# ACS two year deduction in EOI



## salman451 (Jan 17, 2014)

Dear all,

The ACS deducts two years from work experience in order to meet suitability criteria for skill assessment and mentions an 'After mm/yyyy' date as the 'Skill Level Requirement Met Date'. Only the employment 'After mm/yyyy' is considered at 'an appropriately skilled level and relevant to' the nominated occupation and can be used to claim points.

Question: Does anyone know what is the correct way to reflect this in the EOI so as to include all your employment assessed by ACS and yet only claim points for the employment after the 'Skill Level Requirement Met Date' in order to avoid over claiming points?

I have read in some forums that there is an option in the EOI when adding employment - "Is this employment related to the nominated occupation?", which if selected "No" does not include the employment episode in point calculation. However, my concern is that even the 2 years deducted by ACS are still related experience used in skill assessment, although not suitable for point scoring. Has anyone tried an tested this successfully?

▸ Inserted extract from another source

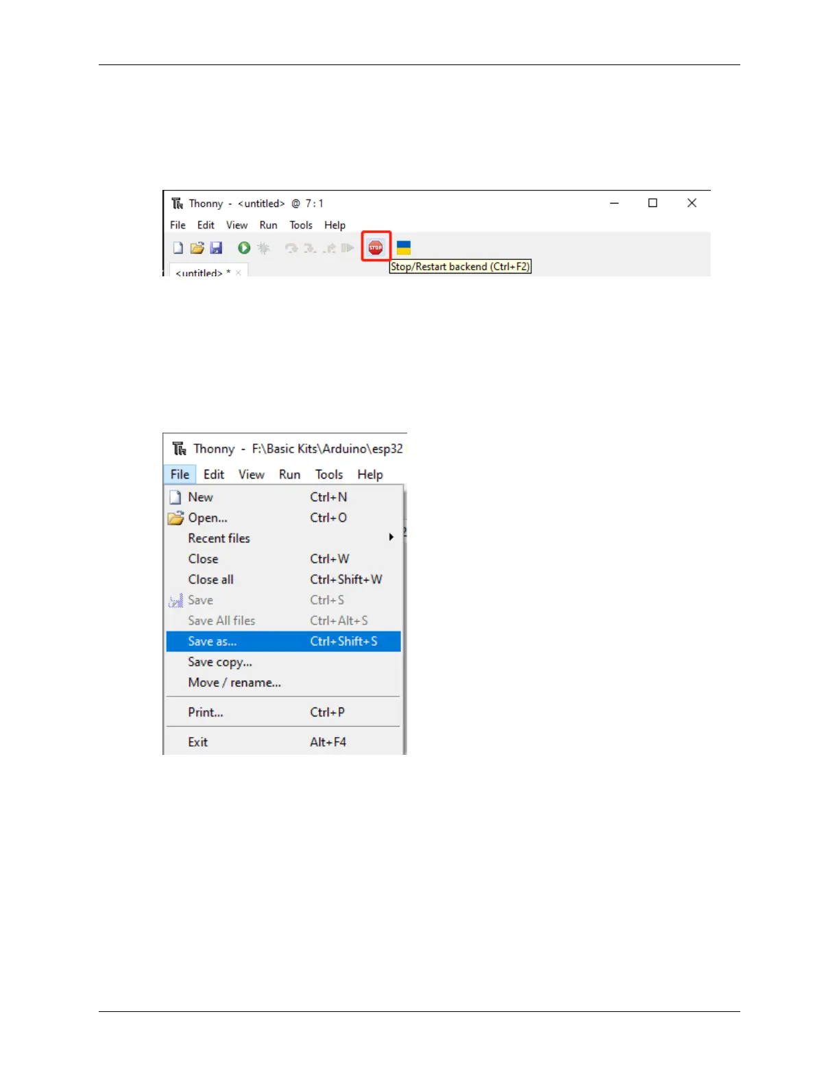 The code can be saved as a separate file within the MicroPython drive(ESP32) by clicking on File

Some conclusive help will be greatly appreciated.

Regards.


----------



## shorefisher (Nov 11, 2014)

DIAC usually does not consider experience which is not counted by ACS, infact I have heard people crying out loud when they failed to make the experience as non-relevant which ACS did not consider. But senior members in this forum might give a sound advice on this...


----------



## ManpreetK (Jul 13, 2014)

As far as I know, you can enter your full experience but as you said that experience not counted by ACS should be marked as not relevant.
This is how it's mentioned in my EOI.

Thanks,
Manpreet


----------



## rameshkd (Aug 26, 2011)

salman451 said:


> Dear all,
> 
> The ACS deducts two years from work experience in order to meet suitability criteria for skill assessment and mentions an 'After mm/yyyy' date as the 'Skill Level Requirement Met Date'. Only the employment 'After mm/yyyy' is considered at 'an appropriately skilled level and relevant to' the nominated occupation and can be used to claim points.
> 
> ...


You cannot claim anything that has not been assessed by ACS, so don't even try doing that you may end up with a visa rejection at a later stage


----------



## salman451 (Jan 17, 2014)

Dear all,

I guess marking the two year experience deducted by ACS as 'not related' seems so far to be the right way to go. Would still love to have a senior member's advice on this.

Best regards.


----------



## amrinder23 (Nov 10, 2014)

salman451 said:


> Dear all,
> 
> I guess marking the two year experience deducted by ACS as 'not related' seems so far to be the right way to go. Would still love to have a senior member's advice on this.
> 
> Best regards.


Yes Salman, You have to mark the experience deducted by ACS as "Irrelevant" while lodging the VISA application. Otherwise they may reject the application.


----------



## Jeeten#80 (Mar 26, 2015)

*ACS Deducted Experience | Know how!*

*Read this:*

This will ensure that you don't over claim your points. Thereby resulting in Visa Refusal due to over claim.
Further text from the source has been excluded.